It’s not the most expensive piece of the new Republican tax plan, or the most economically consequential. But the single most galling aspect of the bill introduced today by Republicans in the House might be its repeal of the estate tax—a pointless sop to trust fund kids that will help ensure dynastic wealth continues stacking up in this country for years to come.
Republicans have long wanted to do away with the estate tax—they’ve successfully branded it as a “death tax” and perpetuated the myth that it threatens small family farms and mom-and-pop businesses. Today, thanks to their tireless efforts to narrow its reach, the government only touches the property of dead multi-millionaires; the first $5 million of an estate’s assets are exempt from the tax. Under the GOP’s new bill, that limit would rise to $10 million, indexed to inflation. Then the tax would disappear entirely in 2024. After that, Ivanka Trump won’t have to worry about paying the government when she inherits her father’s empire.
Killing the estate tax is an egregious move on its own. There is little to no economic rationale for it—some economists have argued the tax discourages savings by the wealthy on the margins and could hurt investment, but that’s not really much of a public policy concern when the capital markets are flooded with money. Meanwhile, nixing the tax will allow wealth to concentrate in the hands of the richest families while discouraging charitable bequests. It’s a win for the top 0.1 percent, at the expense of philanthropy and the federal budget.
But when you drill down to the specifics of the GOP’s plan, it looks even worse. While they do away with the estate tax, Republicans would leave in place the rules that currently spare heirs from paying capital gains taxes when they sell off the assets they inherit. Essentially, they’re turning death into a supercharged tax avoidance strategy for country’s most loaded families.

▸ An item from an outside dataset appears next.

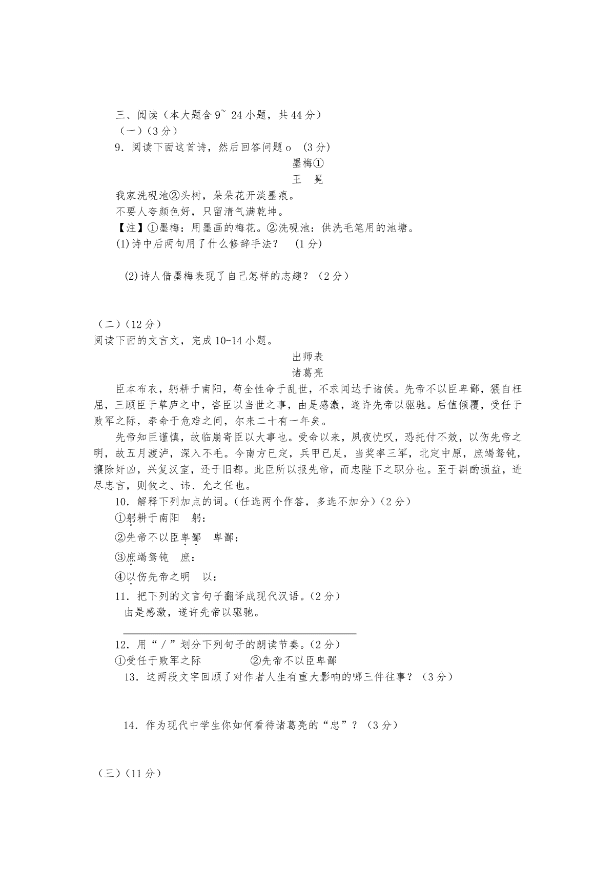 1.2009年云南省中招考试语文试题(word版,有答案)

The issue here is a tax rule known as “stepped-up basis.” Let’s say your kindly aunt Karen bought some Apple stock in 1990 for a buck a share, then miraculously held onto it for a few decades. If she sold the stock last week, at $169 a share, she’d owe taxes on a $168 profit. But let’s say Karen passed away and left you the stock. You could sell it for $169, and pay no taxes. If you sold it for $171, you’d pay taxes on just a $2 profit. You aren’t held responsible for the capital gains taxes aunt Karen would have owed.
This system is somewhat tolerable today, since the estate tax captures a portion of the profits on appreciated assets. But with the estate tax gone, billionaires will be able to hold onto their stocks and bonds until they meet their maker, then pass them on entirely tax free to kids and grandkids.
This is how you build an aristocracy, one tax bill at a time.